The outspoken Soviet dissident pointed specifically to what happened when a delegation of top-level "Trilateral Commission" members visited Mikhail Gorbachev in Moscow in January 1989. The group included Japan's Yasuhiro Nakasone, France's Valery Giscard d'Estaing, and David Rockefeller and Henry Kissinger from the United States. These world-class power brokers told Gorbachev that he must take his country "into the financial institutions of the world, such as GATT, the IMF and the World Bank." The dutiful Gorbachev, surely aware of the clout possessed by the men instructing him, proceeded to unravel the decades-old terrorist empire controlled by Moscow.
Even more, according to Bukovsky's gleaning of what occurred during this extraordinary meeting from the USSR's documents, Giscard d'Estaing bluntly told Gorbachev that Europe would soon become a single "federal state" and that he must allow "the other Eastern European countries to interact with it." These countries, at the time, were part of the Soviet empire. And the EU, not yet entangled by the 1992 Maastricht treaty, was still masquerading as a mere trade arrangement.

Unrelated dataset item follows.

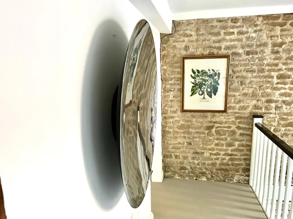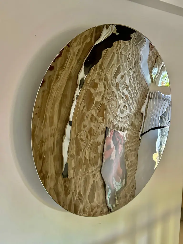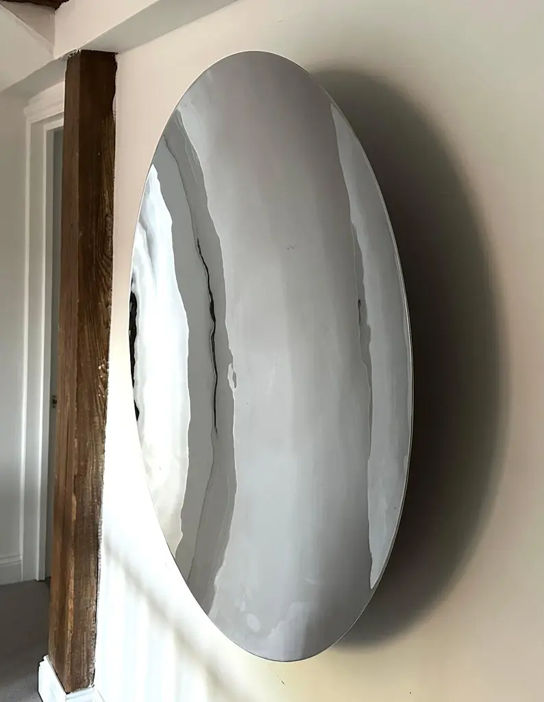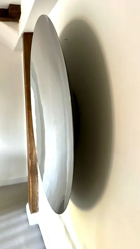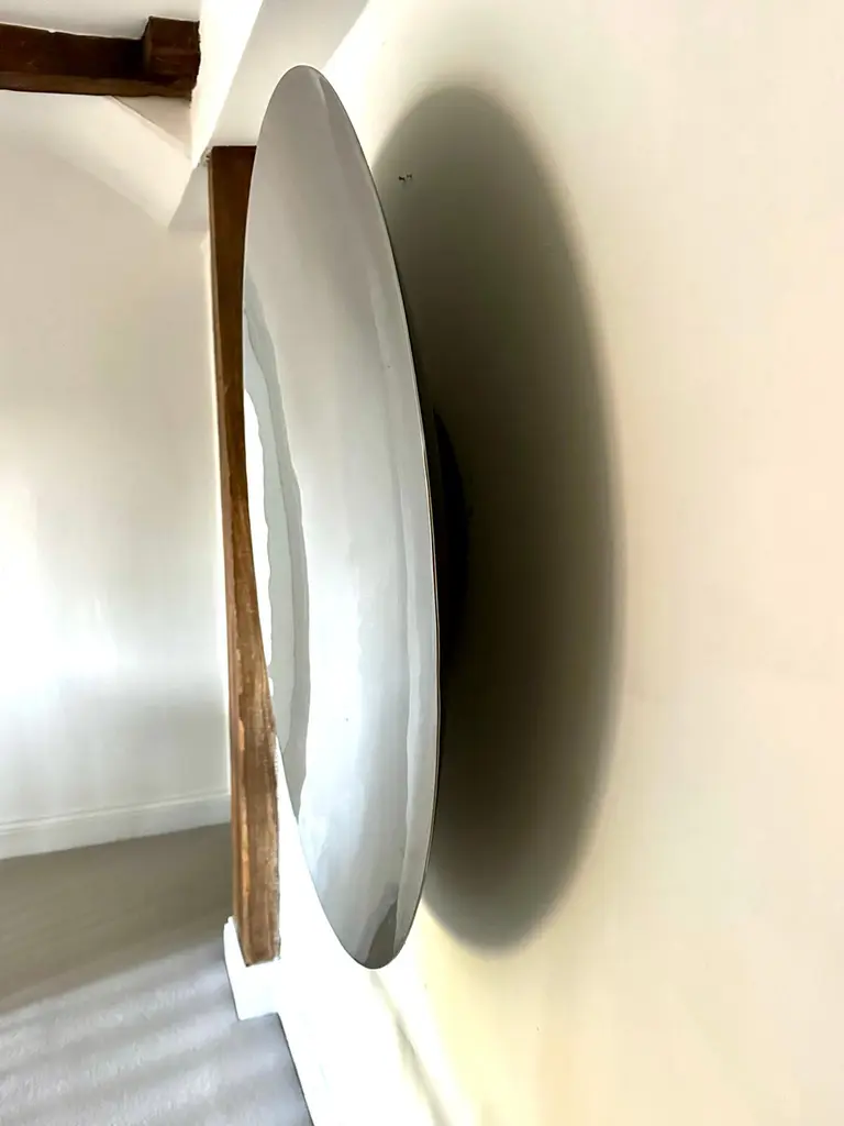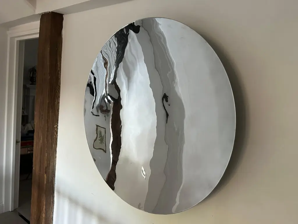The concave mirror itself creates unique bright reflections which in turn creates the illusion of space. Please note that the image is upside down.The mirror is fabricated out of 3mm 304 stainless steel. It's formed and then polished. after extensive polishing the mirror is electroplated and polished once again. The mirrors create focal points in any room and help create that "wow' factor.We also offer this mirror in different diameters up to and including 160 cms /63"Very easy to install and fixings included.Please note- due to this mirror being polished by hand there will be slight imperfections/ distortions in the reflections as you can see in the photographs.

Gorbachev had already written his 1987 book Perestroika in which he envisioned a "common European home … from the Atlantic to the Urals." He was obviously already on board the plan to terminate Soviet control of its Eastern European satellite nations. When he visited England in 2000, Gorbachev referred to the European Union as "the new European Soviet." (The Russian meaning for "soviet," and the near-certain meaning intended by Gorbachev, is a smaller governing body subservient to a supreme governing body, a supreme soviet.)
Christopher Story, the publisher of the London-based Soviet Analyst, stated after the Gorbachev visit that the European Union is "purely a Communist program." He added that Gorbachev's comments simply confirmed his own view and that "one does not need an advanced degree in Leninist studies to see this."
Bukovsky likened the EU's 80,000 pages of regulations to the USSR's huge Gosplan that planned everything as much as five years ahead. "Exactly the same thing is happening in the EU," he insisted and he pointed to "soviet type of corruption" as another similarity between the Communist government he detested and the EU he now strongly opposes.
Greatly fearing the potential of the EU's Europol to become the equivalent of a KGB, he called for the entire EU to be dissolved before it gains totalitarian powers. He worries greatly about Europol's diplomatic immunity and asked, "Can you imagine a KGB with diplomatic immunity?" He is especially concerned that charges of "racism" and "xenophobia," two undefined crimes already listed by Europol, will be used to silence and even punish opponents of "uncontrolled immigration from the Third World" and "further European integration."
Closing his remarks, Bukovsky stated, "This is why, and I am very frank about it, the sooner we finish with the EU the better. The sooner it collapses the less damage it will have done to us and to other countries. But we have to be quick because the Eurocrats are moving very fast."
Other voices are rising within the EU among nationalists who now see that their countries are almost completely dominated by EU headquarters in Brussels. Bukovsky's well-reasoned concerns will help to increase their number so that the day may soon come when this "new European Soviet" will implode — as did the old "Soviet Union."